─── Data to use

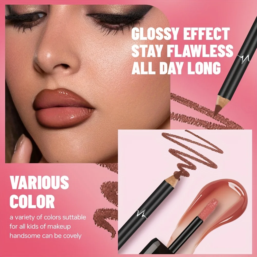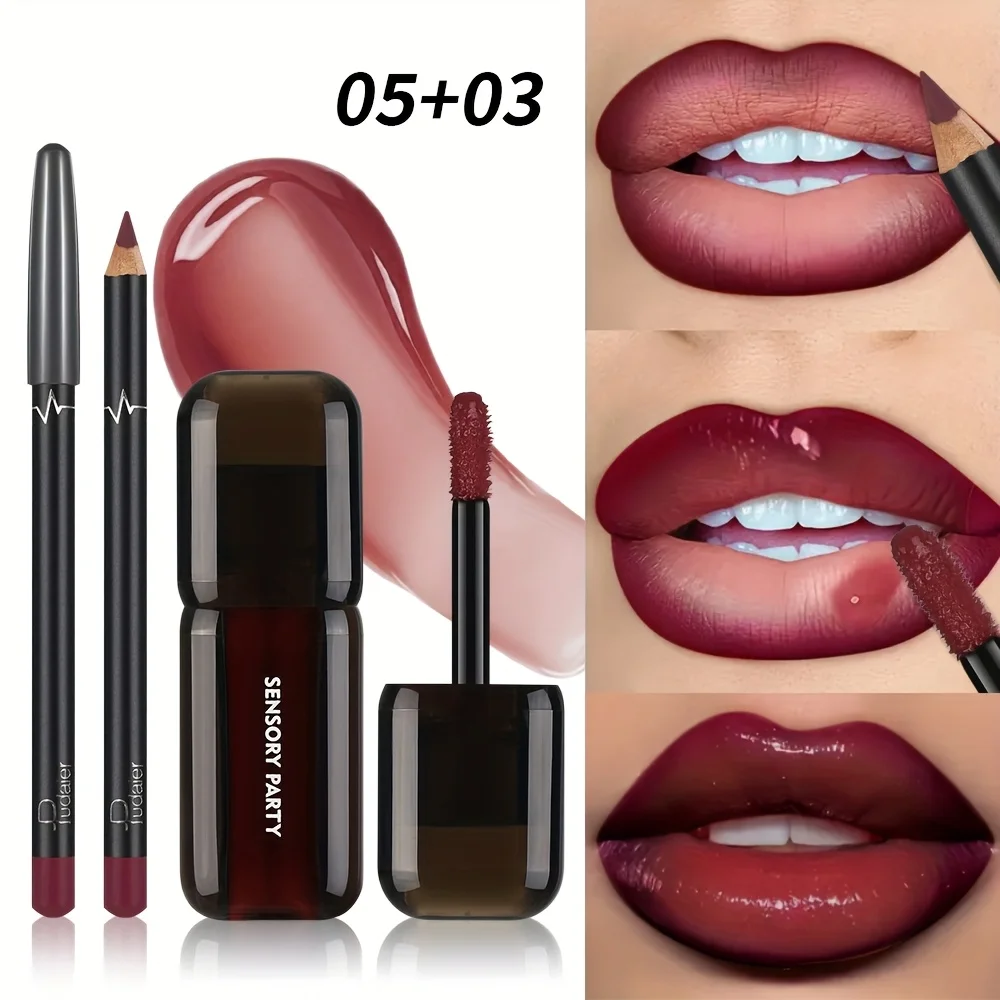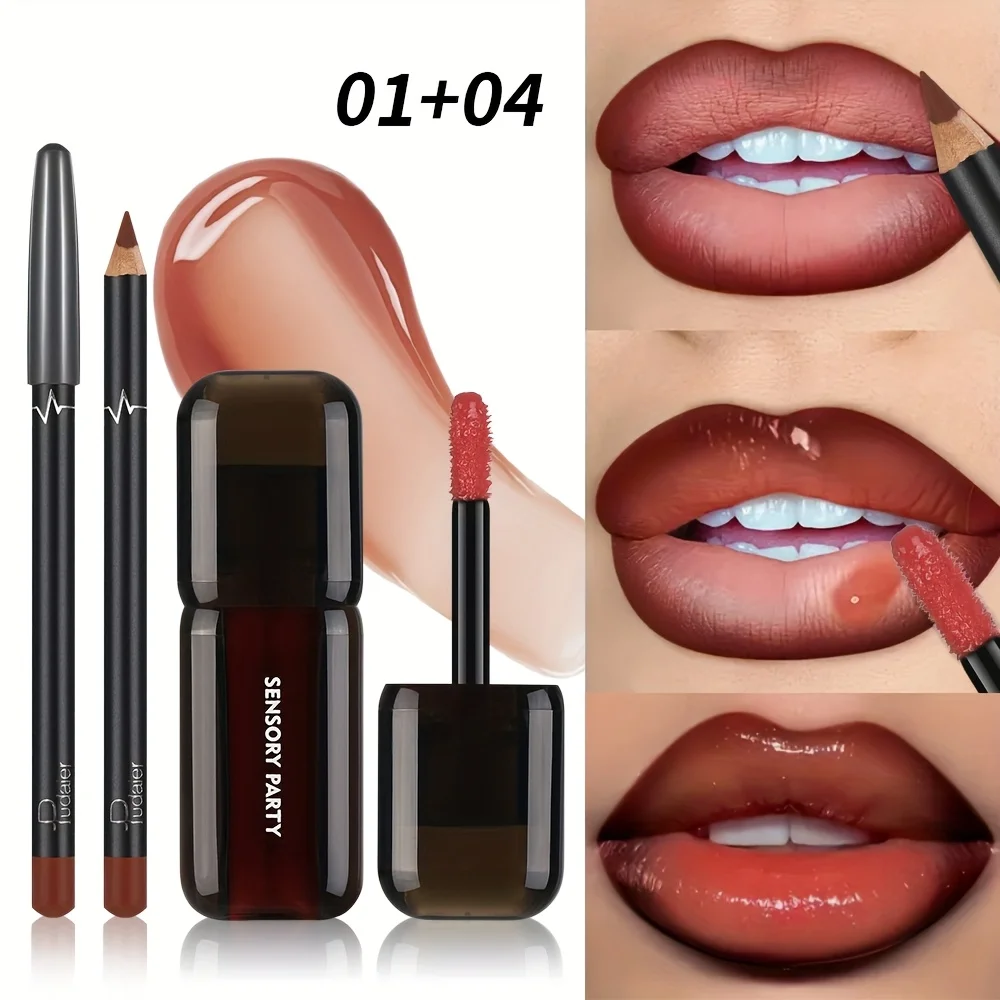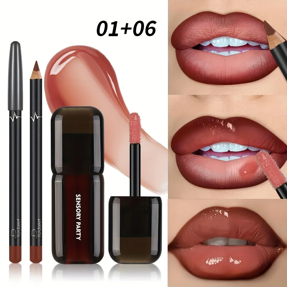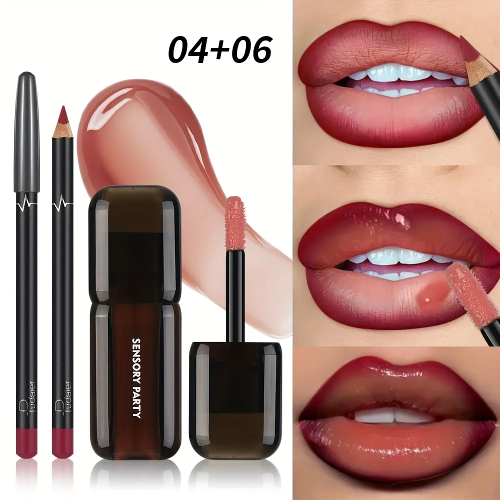 Gradient Lips Set, Lip Liner + Glass Lip Gloss, Mirror Shine Finish, Smooth Blend, Nude Shades, Long-Lasting
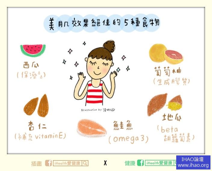 大部分深海魚類對皮膚都有好處,而鮭魚是含有Omega-3不飽和脂肪酸最高的魚類,是皮膚的組成成份,可以幫助皮膚鎖住水分,也可以抗老減少皺紋,而且這種成分只能從食物中攝取。
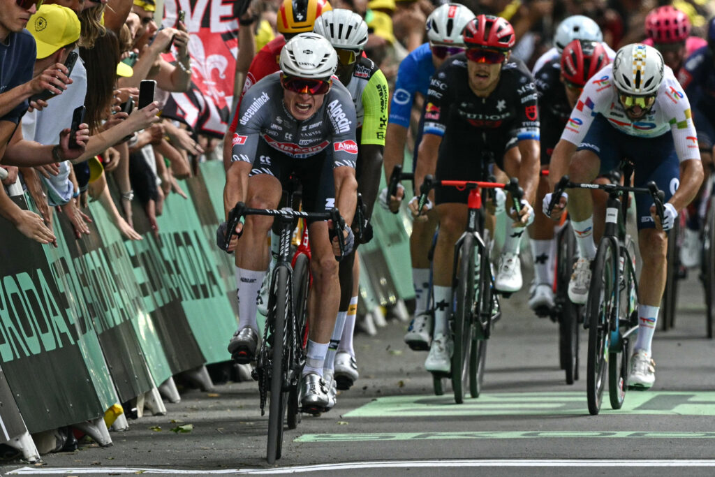 Le sprinteur belge Jasper Philipsen, porteur du maillot vert, a abandonné le Tour de France lundi après une lourde chute lors de la troisième étape entre Valenciennes et Dunkerque, et souffre selon son équipe d’une fracture de la clavicule.A l’approche du sprint intermédiaire, le coureur d’Alpecin, vainqueur de la première étape à Lille, a violemment tapé le sol après un écart du Français Bryan Coquard, lui-même déséquilibré par le Belge Lorenz Rex.Premier maillot jaune de cette édition 2025, il a été pris en charge par le service médical sur le bas-côté de la route avec le haut du maillot complètement arraché et les épaules râpées.Le Belge souffre d’une “fracture avec déplacement de la clavicule droite, une opération sera nécessaire”, a annoncé son équipe en début de soirée dans un court communiqué.Le sprinteur souffre également d’une fracture d’une côte, “peut-être deux”, souligne la formation Alpecin, indiquant qu’il serait transféré “dès que possible” à l’hôpital de Herentals, en Belgique, pour y être opéré.C’est un gros coup dur pour l’équipe Alpecin qui avait vécu deux premières journées de rêve avec la victoire et le maillot jaune pour Philipsen lors de la première étape, puis celle de Mathieu van der Poel dimanche lors à Boulogne-sur-Mer, là-aussi avec le maillot jaune à la clé.Philipsen, 27 ans, compte dix victoires au Tour de France, le deuxième meilleur total pour un coureur en activité derrière les 17 succès de Tadej Pogacar.Il avait remporté quatre étapes lors de l’édition 2023 et remporté haut la main le maillot vert du classement aux points qu’il visait cette année aussi.Sa chute est intervenue alors que cette troisième étape avait jusque-là été particulièrement calme après deux premières étapes mouvementées et émaillées de nombreuses chutes.
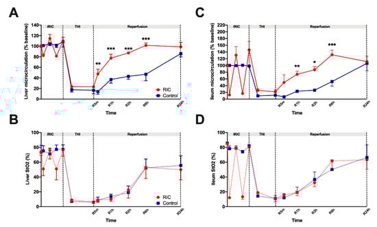 Tissue StO2 of the liver and ileum showed similar characteristic features, however, StO2 values did not follow the positive alterations of flow observed over the course of the reperfusion period in the RIC group (Figure 2). Accordingly, no significant differences were found between the two experimental groups, in terms of StO2 (Figure 2).
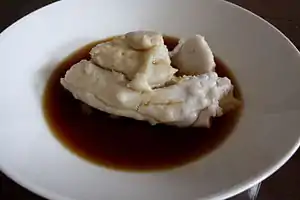 | Dangke | South Sulawesi | A traditional cheese that made from buffalo or cow milk. This dish is processed by boiling fresh milk with sliced papaya leaves, stems, or unripe papaya fruits. Dangke is typically soaked in a brine solution overnight before being wrapped with banana leaves for masking the bitter taste caused by the addition of papaya leaves. | |
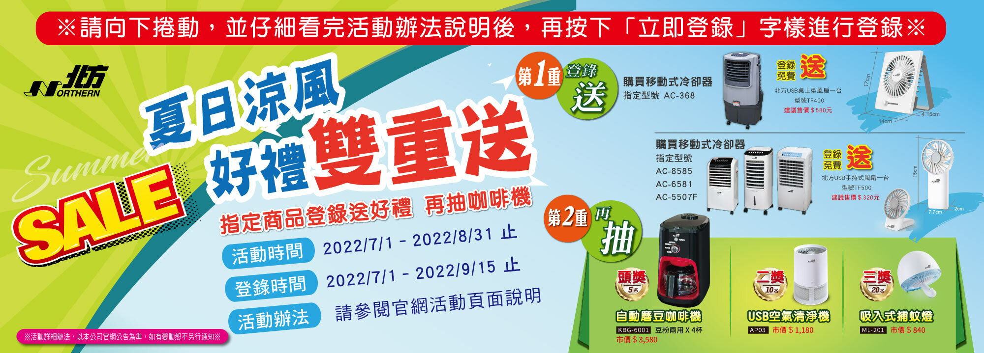 1.凡於活動期間內 (2022/07/01 08:00 – 2022/08/31 23:59) 購買北方指定系列移動式冷卻器,並在指定登錄期間於實體通路或網路商城購買該產品且未辦理退貨之消費者,上網登錄個人資料、上傳產品序號照片及購買發票照片,可享有贈品資格。(注意:發票上需載明購買品名、數量、購買日期,上傳之照片內容需清晰可辨識,如有內容不清楚、或購買日期不在活動時間內、任何竄改、資料造假等欺騙行為發生,本公司將自動取消兌換資格,同時依法追究法律責任)。若未於登錄截止時間內完成登錄,即視為自動放棄參加活動資格,不得要求登錄延期或參加活動,亦不得要求額外以其他方式獲得活動贈品。
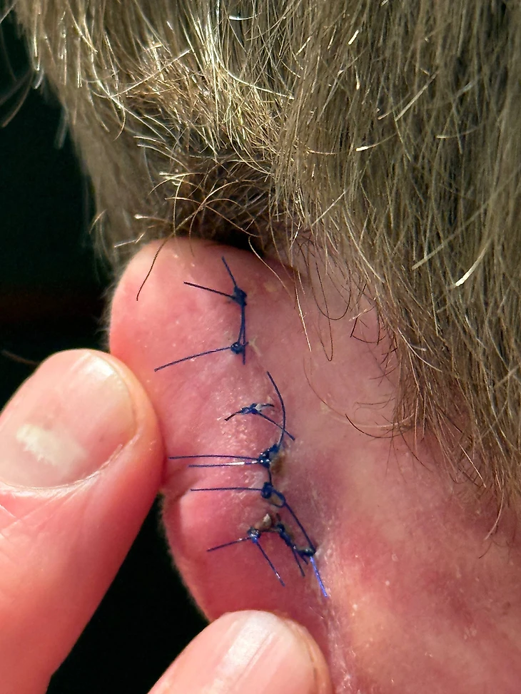 Фото своего зашитого уха хоккеист выложил в телеграм-канале «Раздевалка».

──────

■ Task item
A faithful copy of the data above is wanted, with every image left out.

■ Completed task
 Gradient Lips Set, Lip Liner + Glass Lip Gloss, Mirror Shine Finish, Smooth Blend, Nude Shades, Long-Lasting
 大部分深海魚類對皮膚都有好處,而鮭魚是含有Omega-3不飽和脂肪酸最高的魚類,是皮膚的組成成份,可以幫助皮膚鎖住水分,也可以抗老減少皺紋,而且這種成分只能從食物中攝取。
 Le sprinteur belge Jasper Philipsen, porteur du maillot vert, a abandonné le Tour de France lundi après une lourde chute lors de la troisième étape entre Valenciennes et Dunkerque, et souffre selon son équipe d’une fracture de la clavicule.A l’approche du sprint intermédiaire, le coureur d’Alpecin, vainqueur de la première étape à Lille, a violemment tapé le sol après un écart du Français Bryan Coquard, lui-même déséquilibré par le Belge Lorenz Rex.Premier maillot jaune de cette édition 2025, il a été pris en charge par le service médical sur le bas-côté de la route avec le haut du maillot complètement arraché et les épaules râpées.Le Belge souffre d’une “fracture avec déplacement de la clavicule droite, une opération sera nécessaire”, a annoncé son équipe en début de soirée dans un court communiqué.Le sprinteur souffre également d’une fracture d’une côte, “peut-être deux”, souligne la formation Alpecin, indiquant qu’il serait transféré “dès que possible” à l’hôpital de Herentals, en Belgique, pour y être opéré.C’est un gros coup dur pour l’équipe Alpecin qui avait vécu deux premières journées de rêve avec la victoire et le maillot jaune pour Philipsen lors de la première étape, puis celle de Mathieu van der Poel dimanche lors à Boulogne-sur-Mer, là-aussi avec le maillot jaune à la clé.Philipsen, 27 ans, compte dix victoires au Tour de France, le deuxième meilleur total pour un coureur en activité derrière les 17 succès de Tadej Pogacar.Il avait remporté quatre étapes lors de l’édition 2023 et remporté haut la main le maillot vert du classement aux points qu’il visait cette année aussi.Sa chute est intervenue alors que cette troisième étape avait jusque-là été particulièrement calme après deux premières étapes mouvementées et émaillées de nombreuses chutes.
 Tissue StO2 of the liver and ileum showed similar characteristic features, however, StO2 values did not follow the positive alterations of flow observed over the course of the reperfusion period in the RIC group (Figure 2). Accordingly, no significant differences were found between the two experimental groups, in terms of StO2 (Figure 2).
 | Dangke | South Sulawesi | A traditional cheese that made from buffalo or cow milk. This dish is processed by boiling fresh milk with sliced papaya leaves, stems, or unripe papaya fruits. Dangke is typically soaked in a brine solution overnight before being wrapped with banana leaves for masking the bitter taste caused by the addition of papaya leaves. | |
 1.凡於活動期間內 (2022/07/01 08:00 – 2022/08/31 23:59) 購買北方指定系列移動式冷卻器,並在指定登錄期間於實體通路或網路商城購買該產品且未辦理退貨之消費者,上網登錄個人資料、上傳產品序號照片及購買發票照片,可享有贈品資格。(注意:發票上需載明購買品名、數量、購買日期,上傳之照片內容需清晰可辨識,如有內容不清楚、或購買日期不在活動時間內、任何竄改、資料造假等欺騙行為發生,本公司將自動取消兌換資格,同時依法追究法律責任)。若未於登錄截止時間內完成登錄,即視為自動放棄參加活動資格,不得要求登錄延期或參加活動,亦不得要求額外以其他方式獲得活動贈品。
 Фото своего зашитого уха хоккеист выложил в телеграм-канале «Раздевалка».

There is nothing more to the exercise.